Log into your AWS console, navigate to Kinesis and create a stream called iot-stream.

Note: One shard is good for this example because we won't be stressing the application with a large volume of devices and data. In a real-world scenario, increasing the number of shards in a Kinesis stream will improve application scalability.

Create an IoT Rule

Log into your AWS console, navigate to IoT, and create a new rule as follows.


  • Topic filter: /sbs/devicedata/#

  • Attribute: *

Create an IoT Action

Navigate to IoT and create a new action as follows.

Select Kinesis as a destination for your messages. On the next screen, you will need to create a rule to publish to Kinesis.

Click Create a new role to automatically create an IAM role with the correct policies. Click through to complete creating the rule with all the defaults. If you are using an existing role, you may want to click the update role button. This will add the correct Kinesis stream to the role policy.

Create IAM User

In order for the SBS to be able to publish messages to Amazon IoT, it uses boto3 and therefore requires permission to the appropriate resources. Create a user with AWSIoTFullAccess and generate an access key and secret. In the SBS directory, there is a credentials file that should be updated with your access key and secret.

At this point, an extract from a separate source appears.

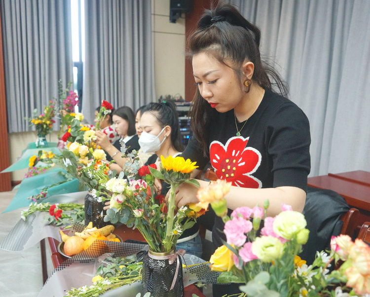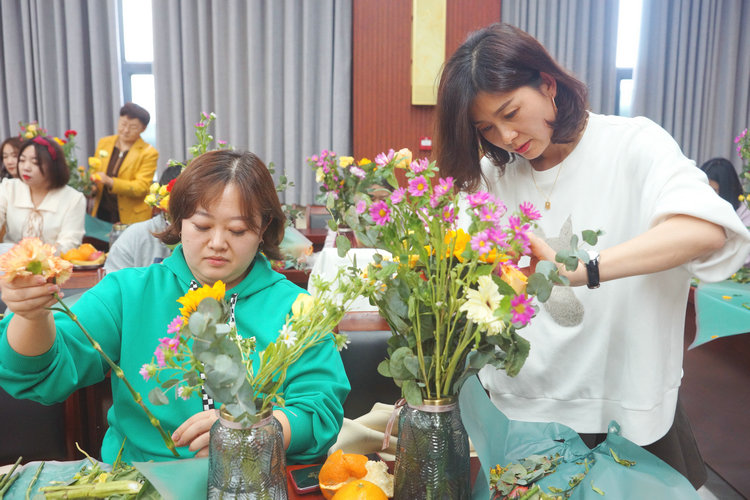 活動(dòng)中,花藝老師為大家介紹了鮮花常識、色彩搭配、插花技巧、保鮮方法等注意事項,對插花的技巧進(jìn)行現場(chǎng)講解和演示。在老師的耐心指導下,大家認真挑選花材、構思造型,選花、去葉、剪接、設計、插花,在一剪一修間,體會(huì )插花的樂(lè )趣。一盆盆細致精美、別出心裁的插花作品展現在大家的面前,充分展示著(zhù)女職工熱愛(ài)生活、昂揚向上、追求真善美的精神風(fēng)貌。在場(chǎng)的每個(gè)人臉上都洋溢著(zhù)幸福燦爛的笑容。

Build the docker container for SBS:

docker build -t sbs .

Run the docker container:

docker run -ti sbs

At this point, you should have data being sent to Kinesis via Amazon IoT.

Spark Streaming

The Scala app reads data from Kinesis and saves the result to a CSV file. You will need to create a user that has access to read off of the Kinesis stream. This credential will be different than the one used for the SBS. Note: For this sample application, we're using a key that has admin access to everything in the account. In a real-world scenario, you should restrict this key to only being able to read the iot-stream.

val awsAccessKeyId = "your access key"

Define a case class to use as a holder for the JSON data we receive from Kinesis.

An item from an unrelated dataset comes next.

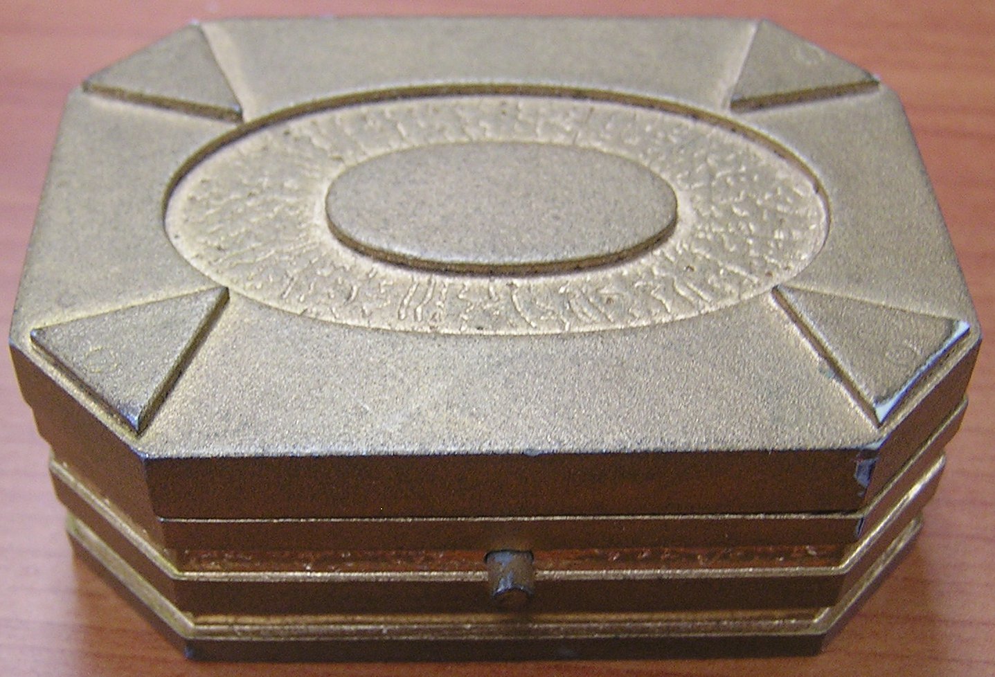 Description: A small, hinged octagonal-shaped plastic box painted as gold -- <I>2x2¾in.</I> -- used as Grand Nagus Zek's beetle snuff box in several <I>Deep Space Nine</I> episodes including "Ferengi Love Songs"

case class Beer(deviceParameter:String, deviceValue:Int, deviceId:String,dateTime:String);

Connect to the Kinesis stream:

val kinesisStream = KinesisUtils.createStream(ssc,kinesisAppName, kinesisStreamName,
kinesisEndpointUrl, RegionUtils.getRegionMetadata.getRegionByEndpoint(kinesisEndpointUrl).getName(),
StorageLevel.MEMORY_AND_DISK_SER_2, awsAccessKeyId, awsSecretKey)

iot.foreachRDD { rdd =>
 val sqlContext = new SQLContext(SparkContext.getOrCreate())
 import sqlContext.implicits._
 val jobs = rdd.map(jstr => {
   implicit val formats = DefaultFormats
   val parsedJson = parse(jstr)
   val j = parsedJson.extract[Beer]

 //output the rdd to csv

The complete code can be found here.

Build a fat JAR using SBT:

sbt assembly

Copy the JAR to S3 using the AWS CLI or using the tool of your preference.

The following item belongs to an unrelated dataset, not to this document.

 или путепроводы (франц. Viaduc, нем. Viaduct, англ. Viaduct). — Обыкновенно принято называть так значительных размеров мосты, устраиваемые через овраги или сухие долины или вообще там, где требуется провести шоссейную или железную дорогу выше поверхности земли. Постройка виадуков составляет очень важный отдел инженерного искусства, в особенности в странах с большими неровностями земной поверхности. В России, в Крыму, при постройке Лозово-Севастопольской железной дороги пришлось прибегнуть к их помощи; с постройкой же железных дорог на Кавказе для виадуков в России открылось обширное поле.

aws s3 cp target/scala-2.11/MyProject-assembly-0.1.jar s3:\\your-bucket\apps\MyProject-assembly-0.1.jar

Spark on Qubole

In order to run this application, we will use Spark running on Qubole. Run the following command in the Analyze interface.

spark-submit --class example.SBSStreamingReader --master local[8] s3:\\your-bucket\apps\MyProject-assembly-0.1.jar

Let the job run for a while and you should see the data being written to the S3 directory specified in the streaming class. Note: Qubole will continue to run this Spark streaming job for 36 hours or until you kill it. Alternatively, what's illustrated here can be achieved with Kinesis Firehose, but this post shows you the use of Apache Spark with Kinesis.

Why Spark on Qubole?

Qubole offers a greatly enhanced and optimized Spark as a service. It makes for a perfect deployment platform.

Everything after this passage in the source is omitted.